======== RAW DATA
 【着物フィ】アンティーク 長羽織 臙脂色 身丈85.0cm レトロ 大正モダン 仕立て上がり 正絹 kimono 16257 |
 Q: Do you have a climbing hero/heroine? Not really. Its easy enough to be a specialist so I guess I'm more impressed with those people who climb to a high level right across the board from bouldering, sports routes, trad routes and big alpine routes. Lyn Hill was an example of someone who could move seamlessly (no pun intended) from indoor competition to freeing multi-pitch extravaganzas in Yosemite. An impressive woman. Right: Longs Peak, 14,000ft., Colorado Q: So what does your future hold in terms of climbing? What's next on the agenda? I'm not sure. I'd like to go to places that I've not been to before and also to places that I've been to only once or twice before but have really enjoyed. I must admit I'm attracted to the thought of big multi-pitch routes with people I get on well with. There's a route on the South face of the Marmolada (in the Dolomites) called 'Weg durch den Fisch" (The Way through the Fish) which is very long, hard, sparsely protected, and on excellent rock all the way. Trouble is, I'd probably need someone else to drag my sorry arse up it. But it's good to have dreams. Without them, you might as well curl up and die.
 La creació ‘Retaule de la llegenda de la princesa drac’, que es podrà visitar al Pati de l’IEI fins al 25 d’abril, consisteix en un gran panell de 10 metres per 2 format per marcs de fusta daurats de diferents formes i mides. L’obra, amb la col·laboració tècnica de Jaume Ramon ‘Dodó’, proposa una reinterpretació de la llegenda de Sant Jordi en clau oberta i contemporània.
================
======== RAW DATA
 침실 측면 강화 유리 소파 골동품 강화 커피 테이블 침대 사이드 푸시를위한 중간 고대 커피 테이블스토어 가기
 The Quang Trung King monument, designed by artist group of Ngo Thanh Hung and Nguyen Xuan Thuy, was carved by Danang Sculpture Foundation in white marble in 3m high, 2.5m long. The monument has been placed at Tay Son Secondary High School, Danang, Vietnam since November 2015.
================
# YOUR TASK:
The response should hold exactly the lines starting at the line with "침실 측면 강화 유리" and ending at the line with "The Quang Trung", and no other line of the material above.

# ANSWER SPACE:
 침실 측면 강화 유리 소파 골동품 강화 커피 테이블 침대 사이드 푸시를위한 중간 고대 커피 테이블스토어 가기
 The Quang Trung King monument, designed by artist group of Ngo Thanh Hung and Nguyen Xuan Thuy, was carved by Danang Sculpture Foundation in white marble in 3m high, 2.5m long. The monument has been placed at Tay Son Secondary High School, Danang, Vietnam since November 2015.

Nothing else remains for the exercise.